「銀河の一票」、今期1番ハマってます。
評判もいいのに視聴率がいまいちなのはなぜ?みたいな記事もみますが、やっぱり政治がテーマというだけで見ない判断をする人が多いのでしょう。
残念。
1話、スナックママを都知事候補に担ぎ上げるというのでコメディなのかと思って見始めたら本気の選挙ドラマで驚いたけど、でもそれが面白くて毎週釘づけでした。
毎回あれこれ思って感想を書きかけてまとめきれず次の回が来てしまう、を繰り返してついに明日は最終回。
あああ、あれもこれも言いたかったのに…。
なんといっても茉莉が理想を言って「きれいごとですけど」という自虐に対して、あかりが「きれいごとじゃないよ、きれいなことだよ」というのが、このドラマの根本だと思う。
「戦争反対」とSNSに書いた人が「お花畑」とボコボコにされる、冷笑するのが世の中わかってる大人じゃーんって今のスタンスにクッソ腹立っていたので、この言葉は本当に沁みた。
それこそそうやって叩くヤツこそ、自分の上には絶対に戦争は降りかからないと思っているお花畑だと思ってるし、誰かが「キレイなこと」を目指して本気で動いているから、なんとか世の中は成り立っているのだから。
あかりが本当に真っ当なことを言い続け、茉莉がそれに気づいてひっぱりだし、五十嵐や蛍やいろんな人がその真っ当さに惹かれていく様が泣きそうなくらい納得がいくのだ。
そして、都知事候補としての3人がまたそれぞれにしっかりと候補として覚醒していって、もう誰がなっても納得がいくのが素晴らしい。

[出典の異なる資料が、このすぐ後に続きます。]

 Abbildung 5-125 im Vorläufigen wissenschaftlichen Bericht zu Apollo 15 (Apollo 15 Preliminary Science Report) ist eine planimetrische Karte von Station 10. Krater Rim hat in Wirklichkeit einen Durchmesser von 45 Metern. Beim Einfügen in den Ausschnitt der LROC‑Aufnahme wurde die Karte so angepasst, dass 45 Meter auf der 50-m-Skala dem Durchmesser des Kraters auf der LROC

わかりやすい敵をわかりやすく落とすという、単純な物語にはしないというのがいい。
それにしても、当初は「なぜ都知事?」と思ったのです。
長いこと都民をやっているので、結局壮大な人気投票で知名度こそ最強!なのをずっと見てきた。
あかりのような「泡沫候補」はテレビにすら映らないし、当選の可能性はゼロ。
それを当選させてしまえば、せっかくの政治ドラマにリアリティーが無くなってしまう。
これが、区長とか、まだ区議とかならど新人の当選もありうるのになぁと。
でも、ここまで見てきて、もしかしたらあかりが当選するのかも、という夢が見れる気がしてきた。というより当選して欲しい、と思うようになってきた。
それだけ、このドラマがきっちりとリアルな世界を作り上げているんですよね。
このドラマで知った、例えば選挙の手続き的なこととかは普通に面白かったし。
例えば、驚いたのは都の非課税世帯が24%もいること。そんなにかー、と。
貧困対策は票にならないから触れないということだったけど、こんなに非課税世帯があるのに他人事なのも恐ろしい。

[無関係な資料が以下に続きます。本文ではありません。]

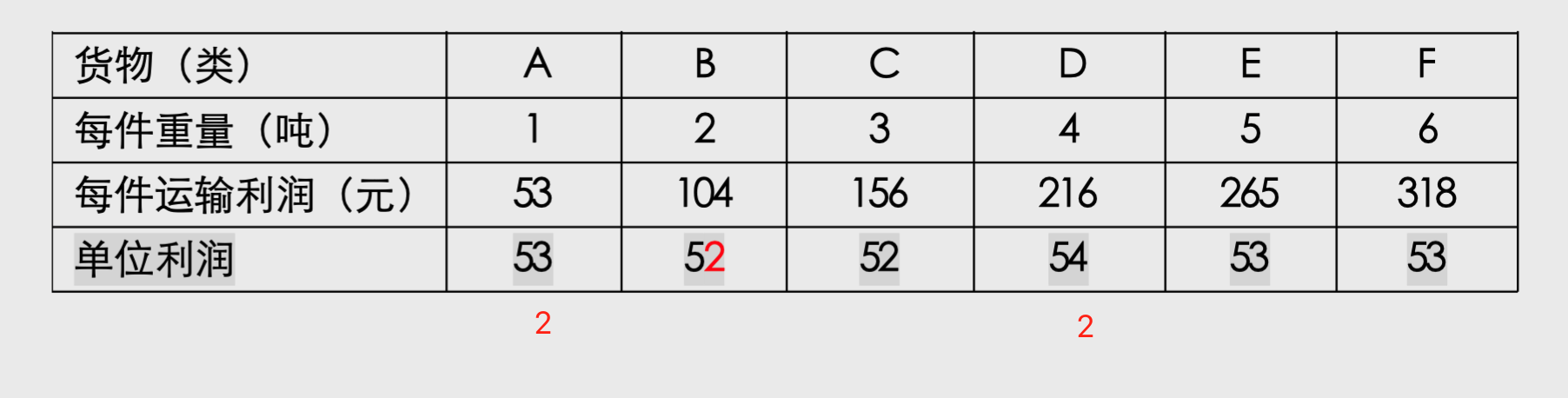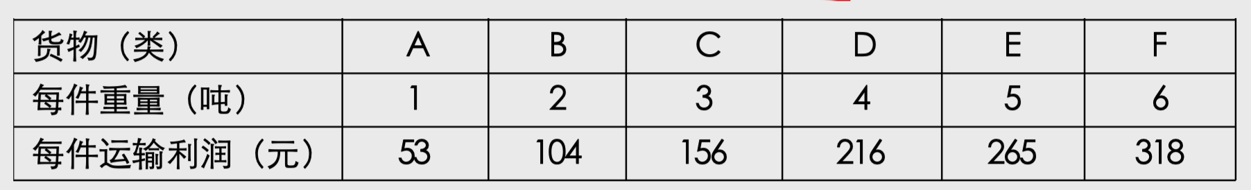 用一辆载重10吨的卡车装运某仓库中的货物(不用考虑装车时货物的大小),这些货物单件的重量和运输利润如下表。适当选择装运一些货物若干件,就能获得最大利润()元。
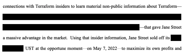 В сильно отредактированном тексте заявления утверждается, что Jane Street использовала связи с «инсайдерами Terraform», чтобы получить существенную непубличную информацию о компании, и на ее основе распродавала токены, связанные с блокчейном Terra, что ускорило падение проекта.

以前何かで、今の一流大学出て大手企業に勤めてる若者には自民支持が多いというのを見た。
そもそも今の生活に満足してるから現政権を支持するのだけど、その今の満足な生活は裕福な家庭に生まれたからということが本人達にはわかっていない。
もちろん自分で努力したのはあるけれど、生まれでスタートラインが違うことには気がつかない。

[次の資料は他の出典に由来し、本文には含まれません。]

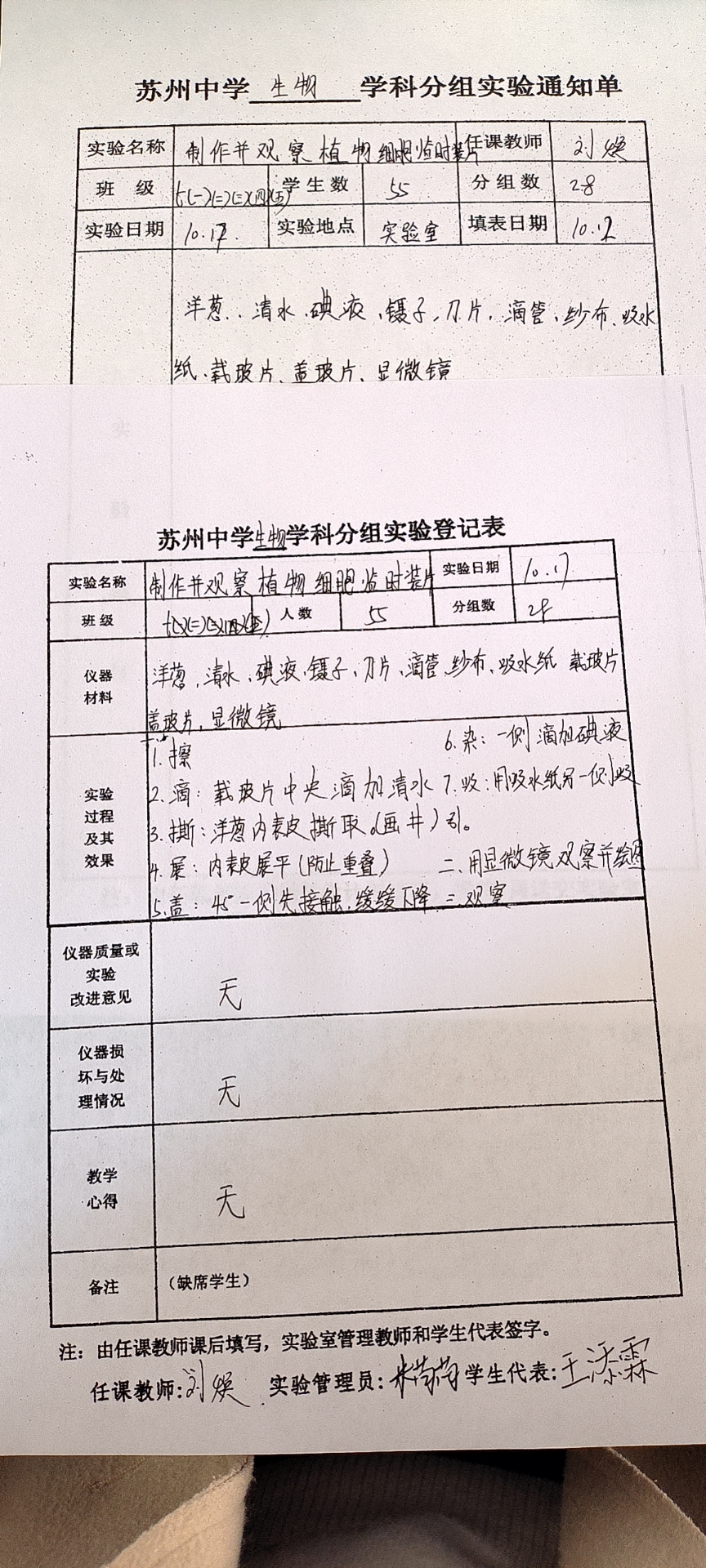实验登记表

逆に貧困家庭の子供は、選挙に行く、ということを考える余裕すらないのだよね。
そういうことをきちんと考える、そういうあかりのような事を言っている政治家なんて誰がいただろうか?
上に行くのは世襲ばかりの時代に、貧困対策など望めない。
おそらく、あかりのような事を考えて選挙に出た人はいたのだろうけど、現実は厳しいのだ。
リアルに考えれば、流星が当選してあかりは2番手か3番手くらいになって話題になり、茉莉とともに次を目指す…という展開かと思う。
流星が幹事長に取り付けた約束は、副知事に茉莉を起用したいということで、でも茉莉は辞退するんじゃないだろうか。
と、思いつつも、あかりが当選してくれたら…という夢を見ずにはいられない。
それくらい、茉莉とあかりが1話づつ、確実に積み上げてきた。
果たしてどうなるのだろうか?
夢を見させて欲しいなぁ。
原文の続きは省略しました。